Requirement - Make an exact copy of the records below, excluding images.
Record set: Begin
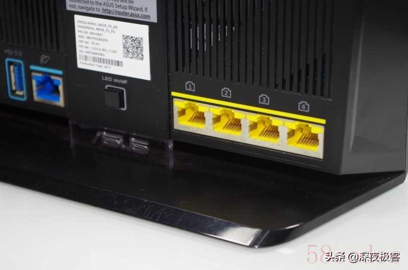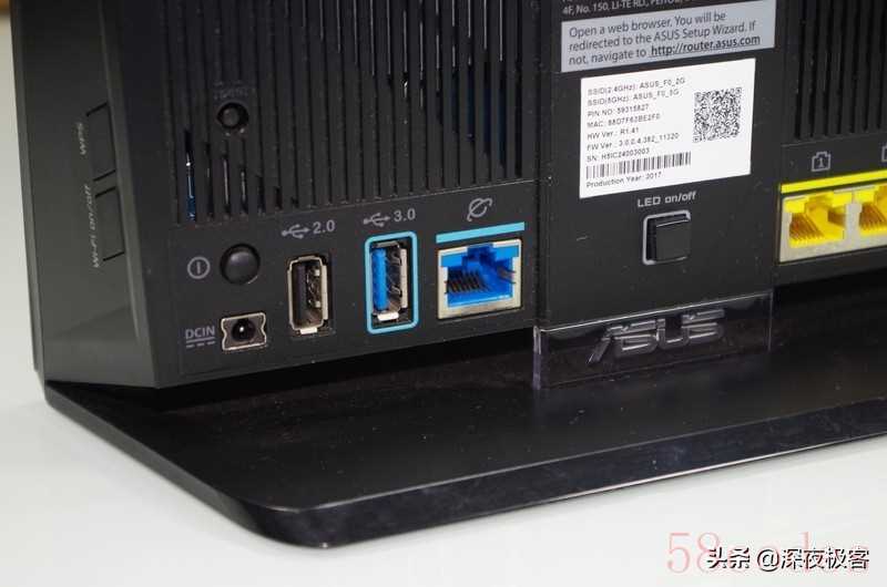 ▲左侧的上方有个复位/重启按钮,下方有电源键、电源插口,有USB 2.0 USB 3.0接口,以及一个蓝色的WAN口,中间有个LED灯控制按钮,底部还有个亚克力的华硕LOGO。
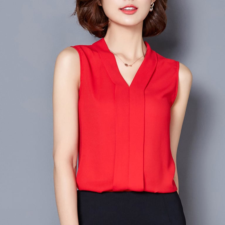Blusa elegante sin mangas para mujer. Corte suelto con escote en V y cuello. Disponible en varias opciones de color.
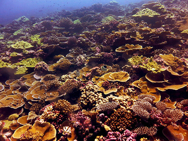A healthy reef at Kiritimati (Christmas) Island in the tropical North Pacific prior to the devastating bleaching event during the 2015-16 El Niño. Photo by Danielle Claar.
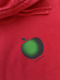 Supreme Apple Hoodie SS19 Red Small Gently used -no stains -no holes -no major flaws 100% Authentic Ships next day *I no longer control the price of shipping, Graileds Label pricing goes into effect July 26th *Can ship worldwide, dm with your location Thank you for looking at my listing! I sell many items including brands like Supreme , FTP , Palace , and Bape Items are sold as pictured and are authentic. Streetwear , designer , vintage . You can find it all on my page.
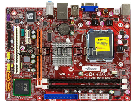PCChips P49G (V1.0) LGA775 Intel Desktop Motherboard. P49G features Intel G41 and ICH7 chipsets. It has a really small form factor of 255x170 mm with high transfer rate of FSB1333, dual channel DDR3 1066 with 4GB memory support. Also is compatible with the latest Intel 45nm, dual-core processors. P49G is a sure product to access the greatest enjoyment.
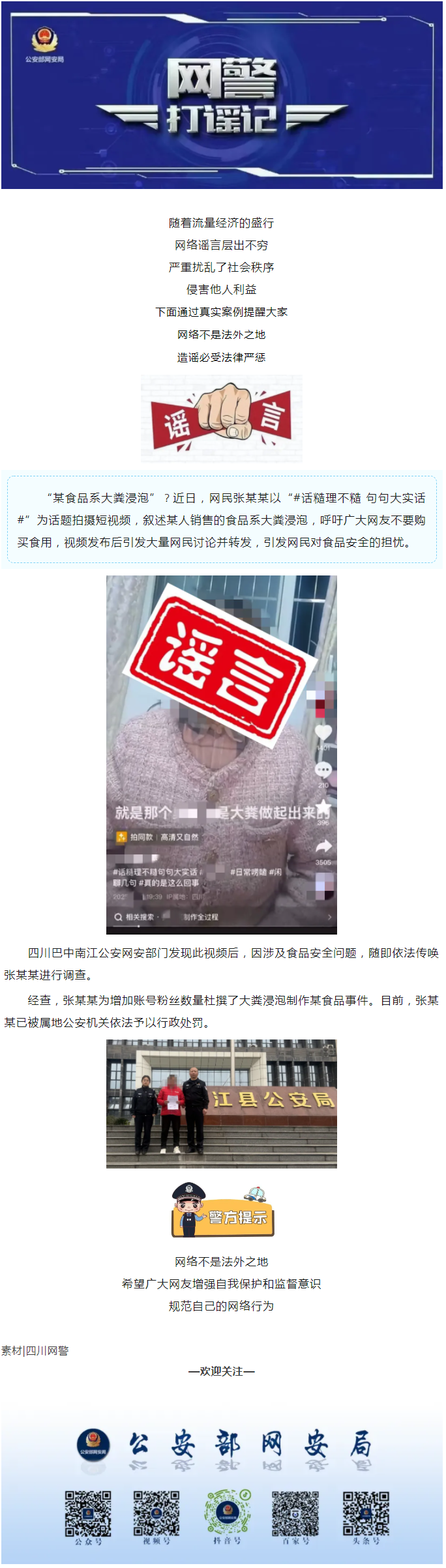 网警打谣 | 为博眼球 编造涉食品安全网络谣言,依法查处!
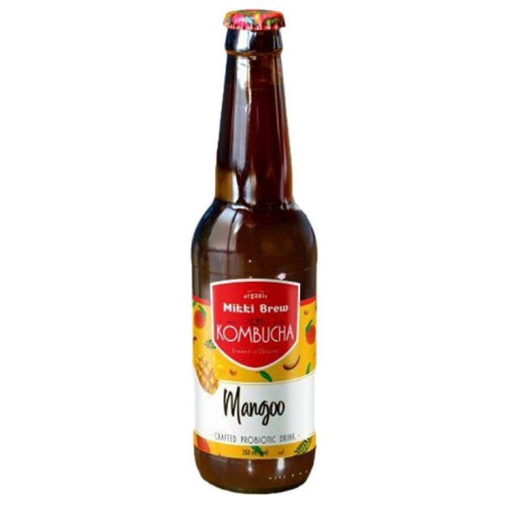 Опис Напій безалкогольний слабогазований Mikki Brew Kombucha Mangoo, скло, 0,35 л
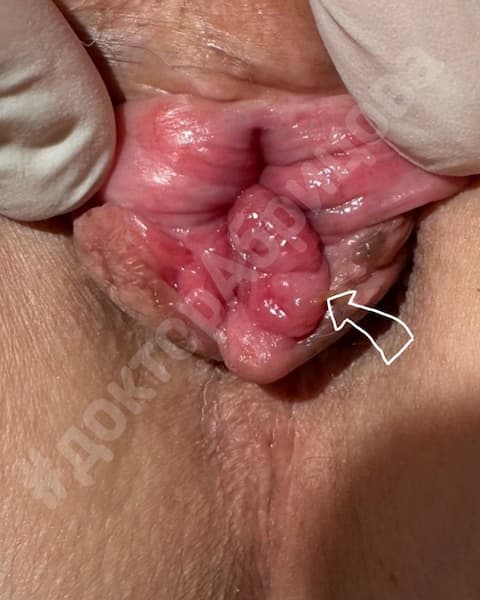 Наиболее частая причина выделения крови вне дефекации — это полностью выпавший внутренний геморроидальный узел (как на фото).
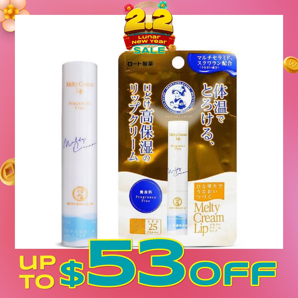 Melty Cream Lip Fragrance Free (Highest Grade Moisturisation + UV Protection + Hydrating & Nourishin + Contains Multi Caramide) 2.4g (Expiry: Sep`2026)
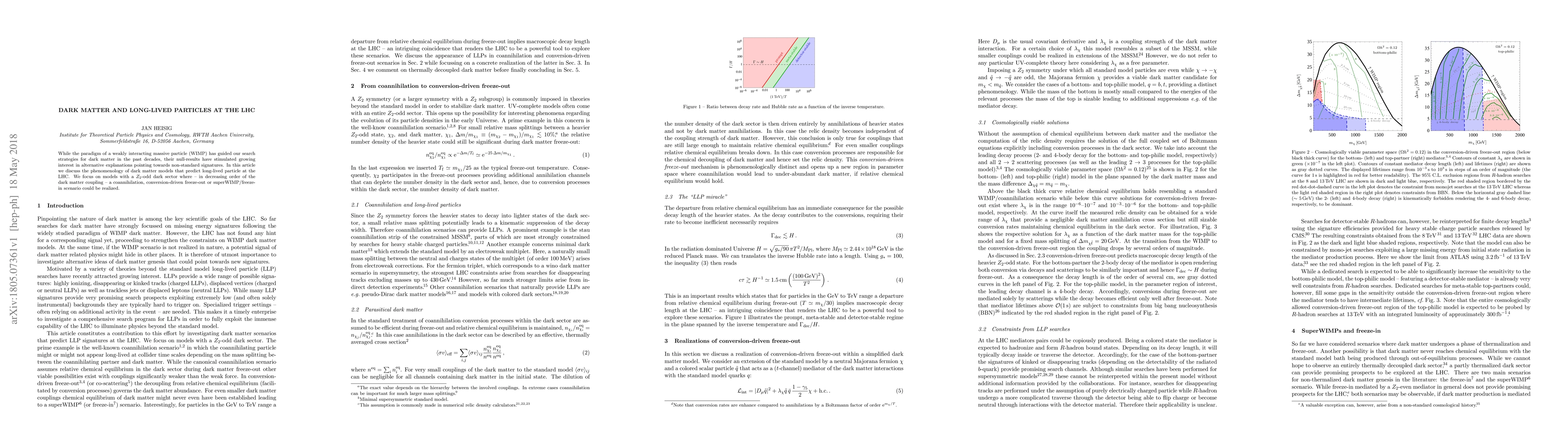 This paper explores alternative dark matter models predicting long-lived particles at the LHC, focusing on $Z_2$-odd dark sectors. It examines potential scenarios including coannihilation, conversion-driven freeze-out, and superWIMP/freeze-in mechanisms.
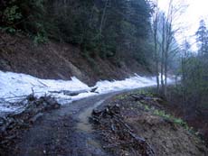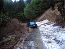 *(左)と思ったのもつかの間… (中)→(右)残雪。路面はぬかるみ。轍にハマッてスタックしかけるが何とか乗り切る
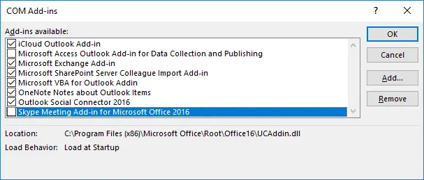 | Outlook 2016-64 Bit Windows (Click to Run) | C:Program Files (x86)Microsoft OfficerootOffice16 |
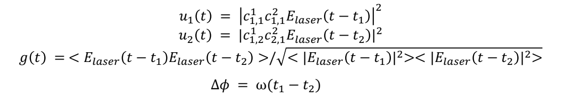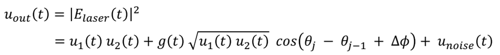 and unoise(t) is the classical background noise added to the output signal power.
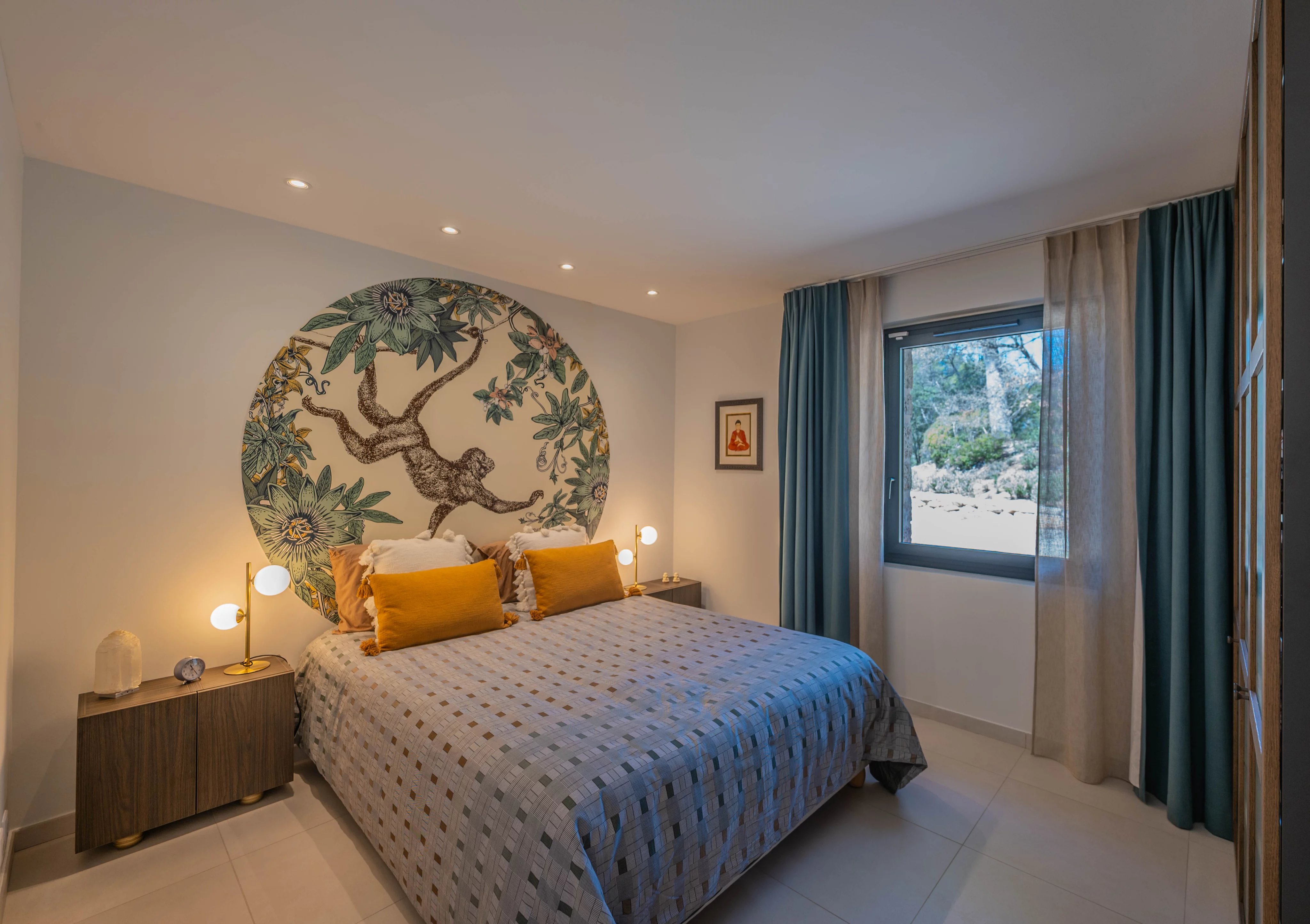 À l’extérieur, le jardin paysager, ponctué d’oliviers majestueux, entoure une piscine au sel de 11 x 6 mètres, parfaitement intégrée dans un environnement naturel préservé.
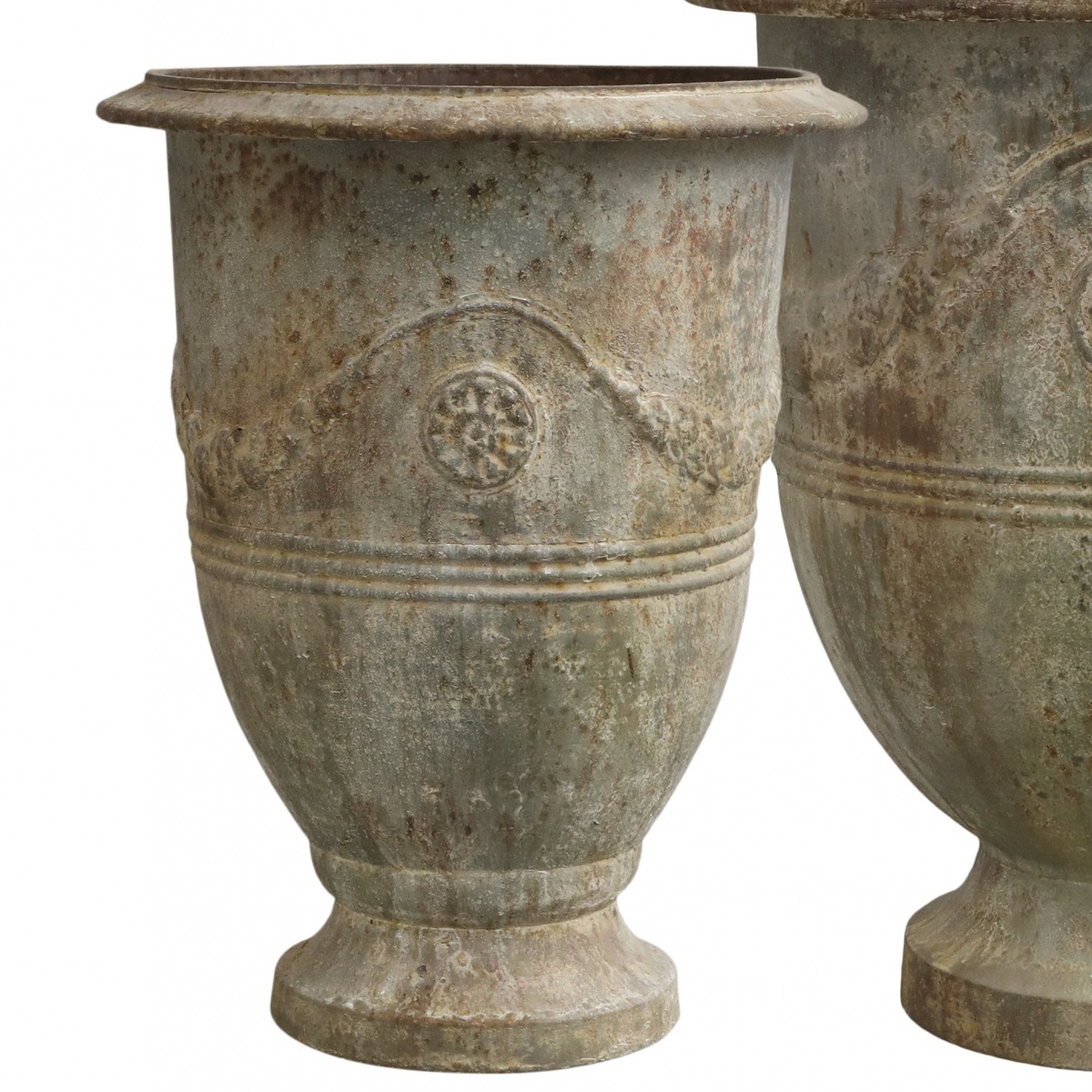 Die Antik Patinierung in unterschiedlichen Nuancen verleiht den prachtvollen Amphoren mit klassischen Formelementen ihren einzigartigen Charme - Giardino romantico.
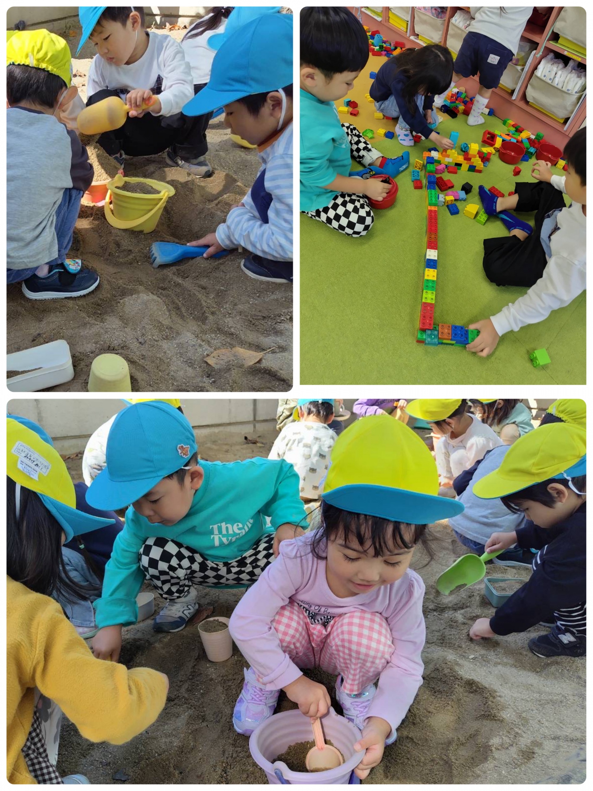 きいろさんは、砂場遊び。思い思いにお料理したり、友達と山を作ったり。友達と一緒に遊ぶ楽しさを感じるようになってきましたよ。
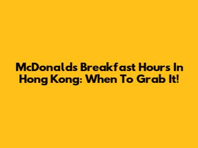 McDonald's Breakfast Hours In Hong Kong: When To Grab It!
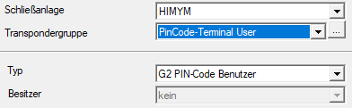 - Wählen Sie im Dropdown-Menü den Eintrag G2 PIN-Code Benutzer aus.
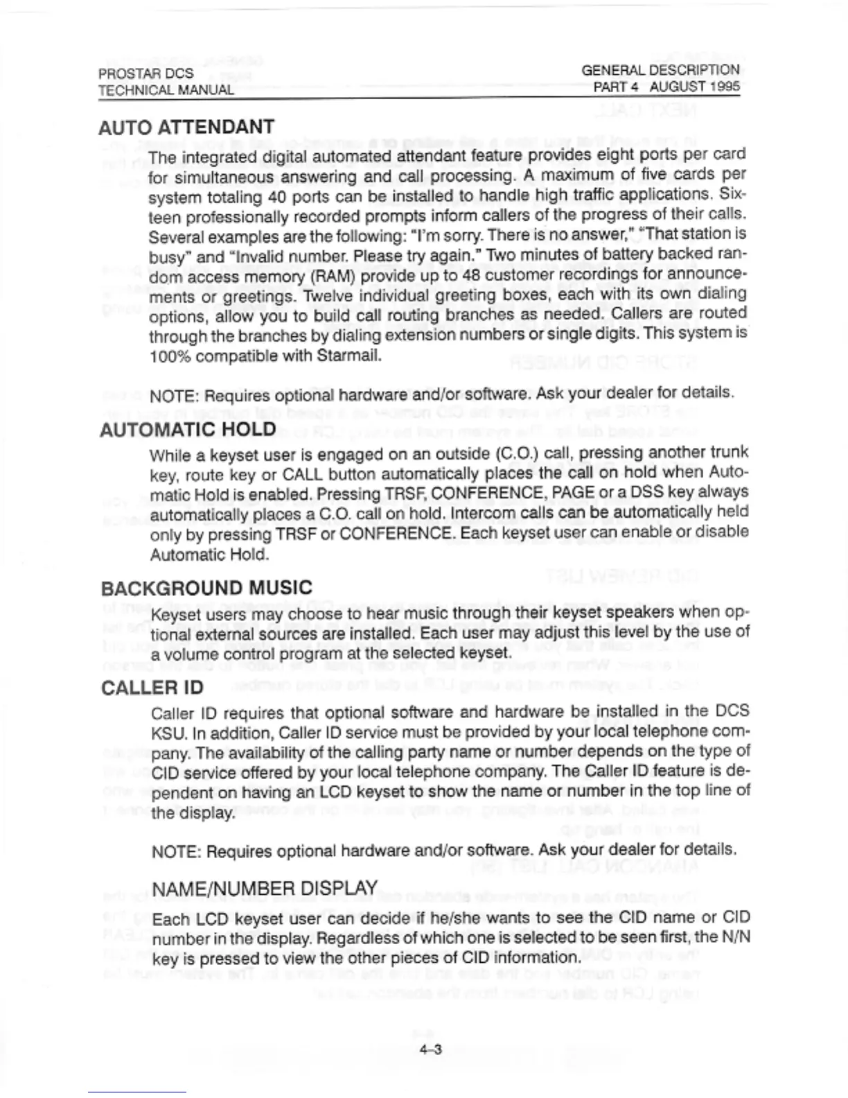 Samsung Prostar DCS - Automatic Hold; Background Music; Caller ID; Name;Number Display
Record set: End
Answer below -
 ▲左侧的上方有个复位/重启按钮,下方有电源键、电源插口,有USB 2.0 USB 3.0接口,以及一个蓝色的WAN口,中间有个LED灯控制按钮,底部还有个亚克力的华硕LOGO。
Blusa elegante sin mangas para mujer. Corte suelto con escote en V y cuello. Disponible en varias opciones de color.
A healthy reef at Kiritimati (Christmas) Island in the tropical North Pacific prior to the devastating bleaching event during the 2015-16 El Niño. Photo by Danielle Claar.
 Supreme Apple Hoodie SS19 Red Small Gently used -no stains -no holes -no major flaws 100% Authentic Ships next day *I no longer control the price of shipping, Graileds Label pricing goes into effect July 26th *Can ship worldwide, dm with your location Thank you for looking at my listing! I sell many items including brands like Supreme , FTP , Palace , and Bape Items are sold as pictured and are authentic. Streetwear , designer , vintage . You can find it all on my page.
PCChips P49G (V1.0) LGA775 Intel Desktop Motherboard. P49G features Intel G41 and ICH7 chipsets. It has a really small form factor of 255x170 mm with high transfer rate of FSB1333, dual channel DDR3 1066 with 4GB memory support. Also is compatible with the latest Intel 45nm, dual-core processors. P49G is a sure product to access the greatest enjoyment.
 网警打谣 | 为博眼球 编造涉食品安全网络谣言,依法查处!
 Опис Напій безалкогольний слабогазований Mikki Brew Kombucha Mangoo, скло, 0,35 л
 Наиболее частая причина выделения крови вне дефекации — это полностью выпавший внутренний геморроидальный узел (как на фото).
 Melty Cream Lip Fragrance Free (Highest Grade Moisturisation + UV Protection + Hydrating & Nourishin + Contains Multi Caramide) 2.4g (Expiry: Sep`2026)
 This paper explores alternative dark matter models predicting long-lived particles at the LHC, focusing on $Z_2$-odd dark sectors. It examines potential scenarios including coannihilation, conversion-driven freeze-out, and superWIMP/freeze-in mechanisms.
 *(左)と思ったのもつかの間… (中)→(右)残雪。路面はぬかるみ。轍にハマッてスタックしかけるが何とか乗り切る
 | Outlook 2016-64 Bit Windows (Click to Run) | C:Program Files (x86)Microsoft OfficerootOffice16 |
 and unoise(t) is the classical background noise added to the output signal power.
 À l’extérieur, le jardin paysager, ponctué d’oliviers majestueux, entoure une piscine au sel de 11 x 6 mètres, parfaitement intégrée dans un environnement naturel préservé.
 Die Antik Patinierung in unterschiedlichen Nuancen verleiht den prachtvollen Amphoren mit klassischen Formelementen ihren einzigartigen Charme - Giardino romantico.
 きいろさんは、砂場遊び。思い思いにお料理したり、友達と山を作ったり。友達と一緒に遊ぶ楽しさを感じるようになってきましたよ。
 McDonald's Breakfast Hours In Hong Kong: When To Grab It!
 - Wählen Sie im Dropdown-Menü den Eintrag G2 PIN-Code Benutzer aus.
 Samsung Prostar DCS - Automatic Hold; Background Music; Caller ID; Name;Number Display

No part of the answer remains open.